Sex Palace Mercy

Kneel at the altar of the whores & take reverence! Altar to St. Anne is a living memorial to disappeared sex work spaces in the Red Light District. The work honors places where sex workers lived and worked, and recognizes sex work as a spiritual, social, and economic practice. Its altar form invites remembrance, blessing, and collective memory.

The work references the St. Anne’s Quarter, an area that has been almost entirely stripped of window prostitution through municipal policy and gentrification. In response to this erasure, the project creates a space of care and encounter, where sex workers and queer and trans* communities reclaim their history and assert their future. 

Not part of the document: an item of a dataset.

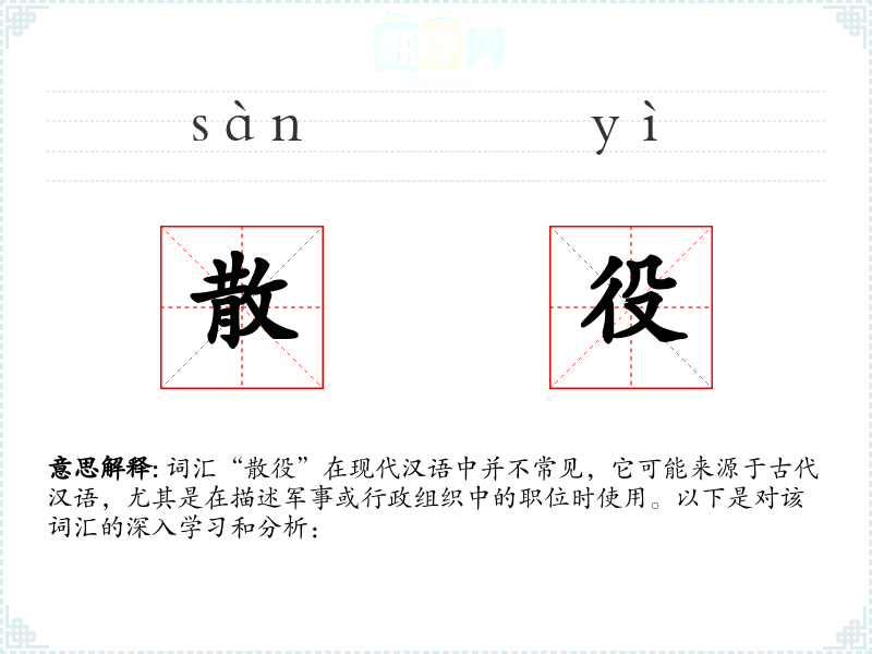 词汇“散役”在现代汉语中并不常见,它可能来源于古代汉语,尤其是在描述军事或行政组织中的职位时使用。以下是对该词汇的深入学*和分析:

Mercy St. J (they/them) is an Amsterdam and Berlin-based sex worker, dominatrix, writer, photographer, and community organizer. In their work, whoring represents not only labor but also a creative practice and a political tool: a way to play with power, shame, and desire, while simultaneously questioning systems that regulate and marginalize queer, trans*, and sex-working people.

St. J is the founder of Full Service Productions, a sex-worker-run production organization in Amsterdam and Berlin, conceived as a living homage to the poetry and politics of queer and trans* whores. Together with Freyja Boo, St. J organizes projects that center sex workers as creators and cultural actors, including a cabaret series featuring queer sex workers at the Casa Rosso Theatre in the Red Light District.

About Location

Since the 1970s, Sex Palace, like Casa Rosso and the Bananenbar, part of the Jan Otten Group, has been at the heart of the conversation about Amsterdam's city center and its sex and nightlife culture. Founder Jan Otten was not an outsider in that debate, but a participant in an ongoing urban dialogue in which freedom and regulation, emancipation and vulnerability, tolerance and nuisance are constantly weighed against each other.

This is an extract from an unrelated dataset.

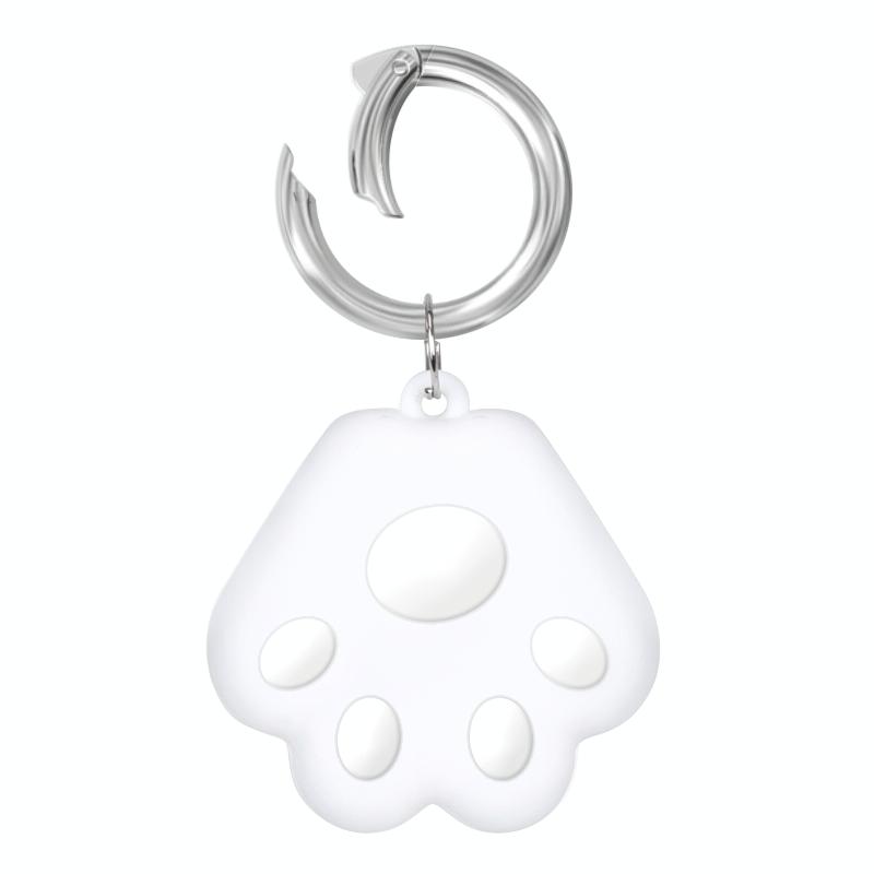 Cute Cat Paw Silicone Shockproof Protective Cover Soft Case with Keychain Ring Loop For AirTag(White)

This involvement continues today under the leadership of Dylan Meijer, who brings a remarkably diverse perspective as the group's director, a practicing physician, and a city council member. Initiatives like the Sexy Loo, which arose after a call from then-mayor Van der Laan to solve the shortage of public restrooms in the Red Light District, demonstrate how the Jan Otten Group also engages practically in urban issues. The fact that the Warmoes Biennial takes place against the backdrop of a new chapter in this story underscores how these places and people remain part of an ongoing dialogue about the future of the city center.